- **BRIEF**: From the data below, please reproduce exactly everything from the line that contains "This glossy ceramic" down to the line that contains "Lịch sử đối", with both ends included.

- **INPUT**:
______________________________

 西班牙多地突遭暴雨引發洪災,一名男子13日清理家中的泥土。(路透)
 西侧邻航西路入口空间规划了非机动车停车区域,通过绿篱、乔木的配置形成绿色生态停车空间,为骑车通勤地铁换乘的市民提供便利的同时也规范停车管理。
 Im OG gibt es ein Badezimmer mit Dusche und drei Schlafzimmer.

______________________________

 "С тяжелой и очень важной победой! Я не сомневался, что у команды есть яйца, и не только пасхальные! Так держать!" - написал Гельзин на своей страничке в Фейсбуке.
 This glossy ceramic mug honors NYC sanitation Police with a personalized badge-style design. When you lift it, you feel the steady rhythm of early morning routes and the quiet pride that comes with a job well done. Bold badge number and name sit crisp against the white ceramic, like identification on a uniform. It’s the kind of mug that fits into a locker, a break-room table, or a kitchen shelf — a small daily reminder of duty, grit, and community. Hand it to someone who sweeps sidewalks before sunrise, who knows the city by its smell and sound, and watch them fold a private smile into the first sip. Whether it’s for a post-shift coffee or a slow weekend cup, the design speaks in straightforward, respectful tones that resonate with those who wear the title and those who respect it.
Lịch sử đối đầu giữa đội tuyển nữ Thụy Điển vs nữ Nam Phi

______________________________

- **RESULT FOR THIS EXERCISE**:
 This glossy ceramic mug honors NYC sanitation Police with a personalized badge-style design. When you lift it, you feel the steady rhythm of early morning routes and the quiet pride that comes with a job well done. Bold badge number and name sit crisp against the white ceramic, like identification on a uniform. It’s the kind of mug that fits into a locker, a break-room table, or a kitchen shelf — a small daily reminder of duty, grit, and community. Hand it to someone who sweeps sidewalks before sunrise, who knows the city by its smell and sound, and watch them fold a private smile into the first sip. Whether it’s for a post-shift coffee or a slow weekend cup, the design speaks in straightforward, respectful tones that resonate with those who wear the title and those who respect it.
Lịch sử đối đầu giữa đội tuyển nữ Thụy Điển vs nữ Nam Phi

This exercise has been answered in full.